# AHIMA CEU's count for AAPC credit?



## tcurtland (Apr 18, 2013)

Hi All,
I have  a question regarding ceu's for ICD 10. My employer has started putting us through training for the upcoming ICD 10. I noticed that when I printed out my completion certificates for the current model that they were AHIMA approved not AAPC. Does the AAPC recognize AHIMA ceu's for credit? I hate the thought of getting completely re-trained and not getting any credit for it!

Thanks!
Tanya


----------



## theresa.dix@tennova.com (Apr 24, 2013)

tcurtland said:


> Hi All,
> I have  a question regarding ceu's for ICD 10. My employer has started putting us through training for the upcoming ICD 10. I noticed that when I printed out my completion certificates for the current model that they were AHIMA approved not AAPC. Does the AAPC recognize AHIMA ceu's for credit? I hate the thought of getting completely re-trained and not getting any credit for it!
> 
> Thanks!
> Tanya



Tanya,
 What company are you getting your training?


----------



## Terry Thomas (Apr 25, 2013)

*AHIMA & AAPC Ceu's*

Yes, I have been getting credit both ways for years.


----------



## arnette walker (May 2, 2013)

*AHIMA  ICD-10 Training,*

Will AAPC members who have trained through AHIMA, get credit for this?  I understand since we are AAPC certified, we will still need to take the AAPC exam for certification.
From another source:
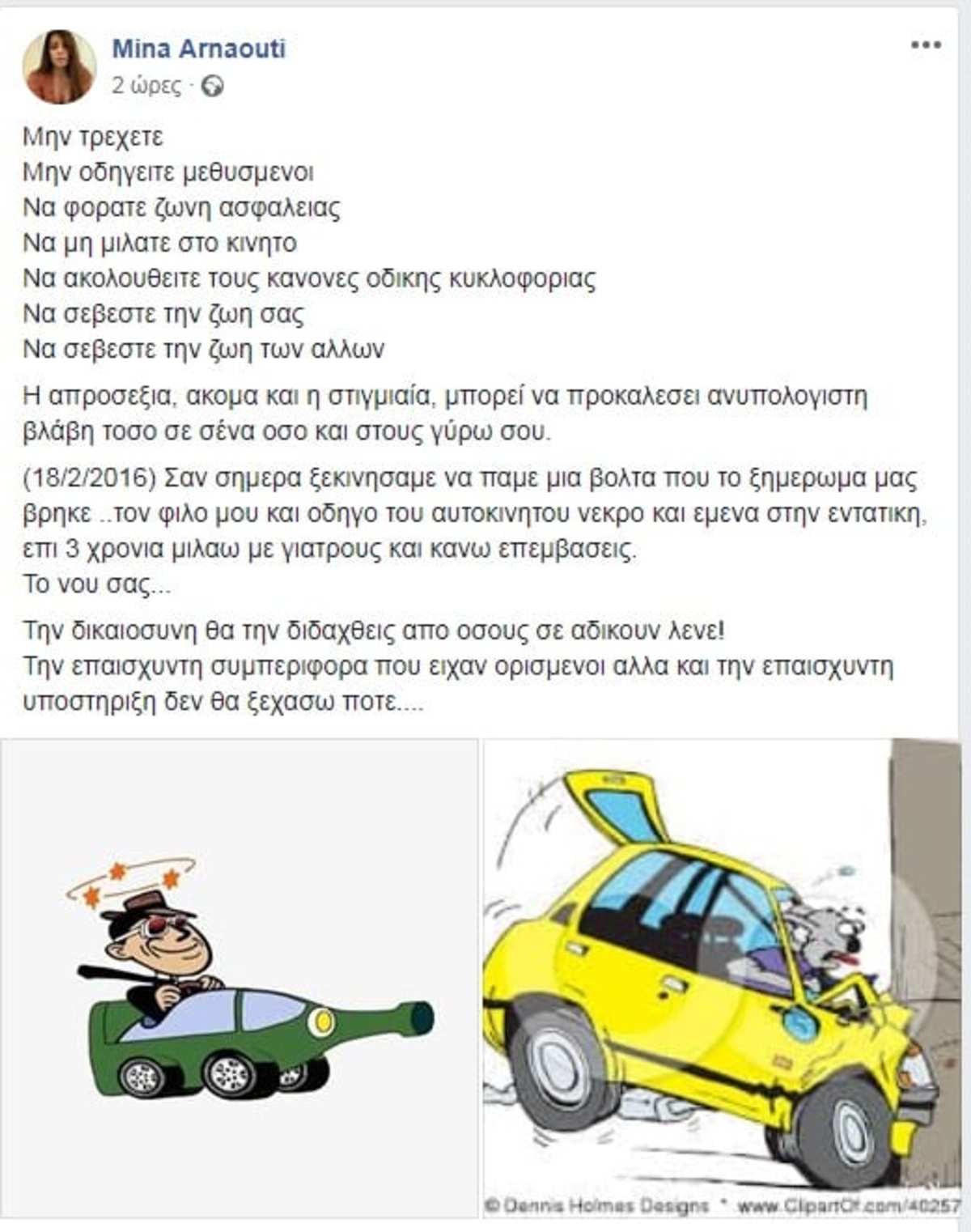 Η Μίνα Αρναούτη έκανε μια ανάρτηση στον προσωπικό της λογαριασμό στο facebook, όπου αναφέρθηκε σε εκείνο το μοιραίο πρωινό και έστειλε το δικό της μήνυμα σε όλο τον κόσμο.
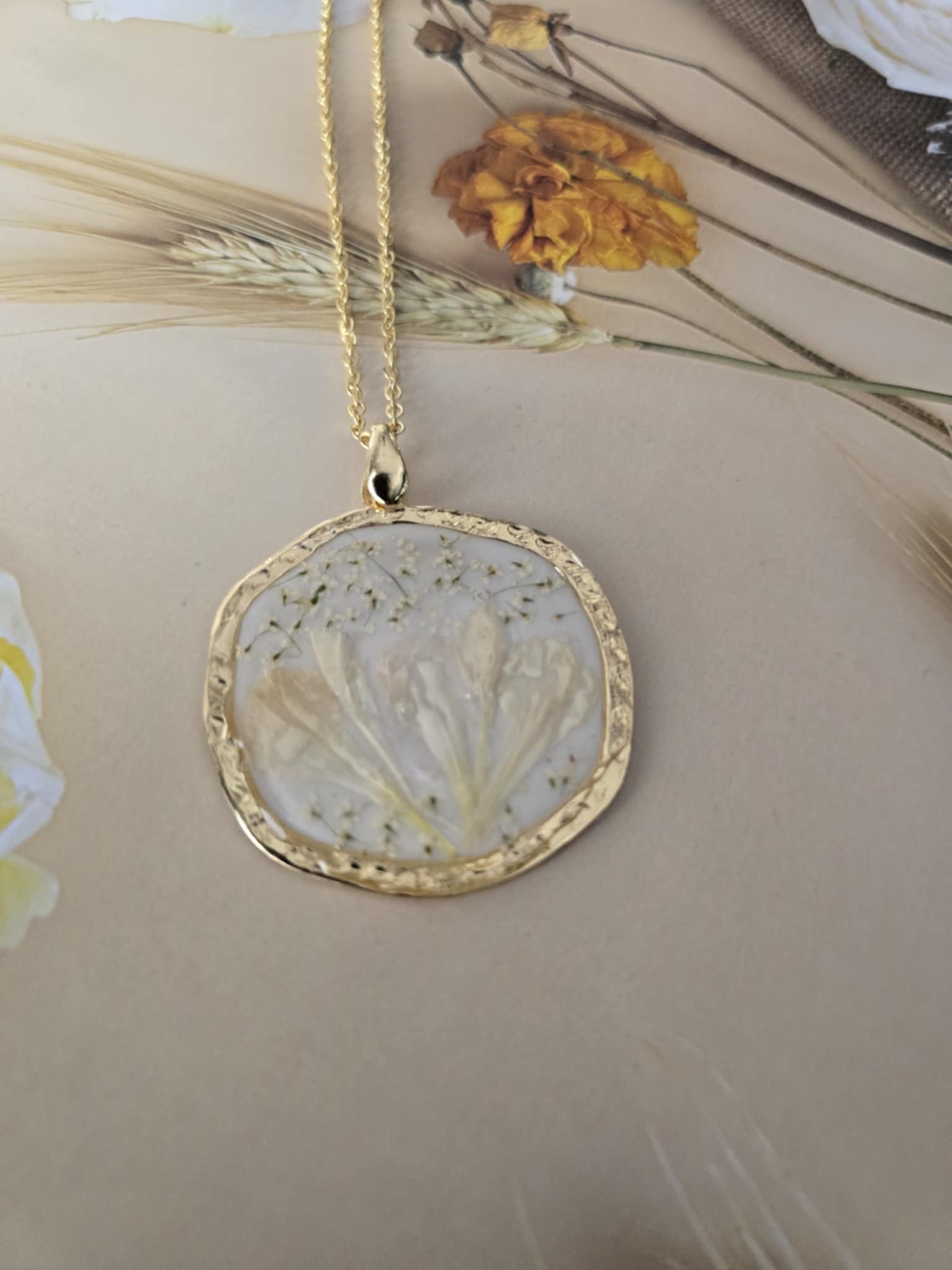 Caractéristiques : une chaîne plaquée or 14 carats ornée de bijoux en résine avec des fleurs naturelles est un accessoire élégant et unique. La résine permet de préserver la beauté des fleurs tout en les mettant en valeur. Ce type de bijou est souvent apprécié pour son aspect artisanal et sa capacité à capturer la nature.

May we get partial credit ? Some is better than non.  My Employer set up the training through AHIMA????? Over a year ago.      Thanks 

Arnette Walker


----------



## arnette walker (May 2, 2013)

Does any one know?


----------



## cindya19 (May 9, 2013)

arnette walker said:


> Does any one know?



My employer is also giving us training for ICD 10 w/ the AHIMA product.  When I brought up this same scenario to them because about half of the Coding Dept is AHIMA and the half AAPC management did have to contact AAPC to get their approval for us AAPC certificate coders to get credit (CEU's) for this training.  You might have to talk to your whomever is giving you the training.


----------



## bedwards (May 10, 2013)

AAPC is not giving any credit to outside training (or their own for that matter) towards the proficiency assessment.  We will all take the full 75 question, open book, online assessment.


----------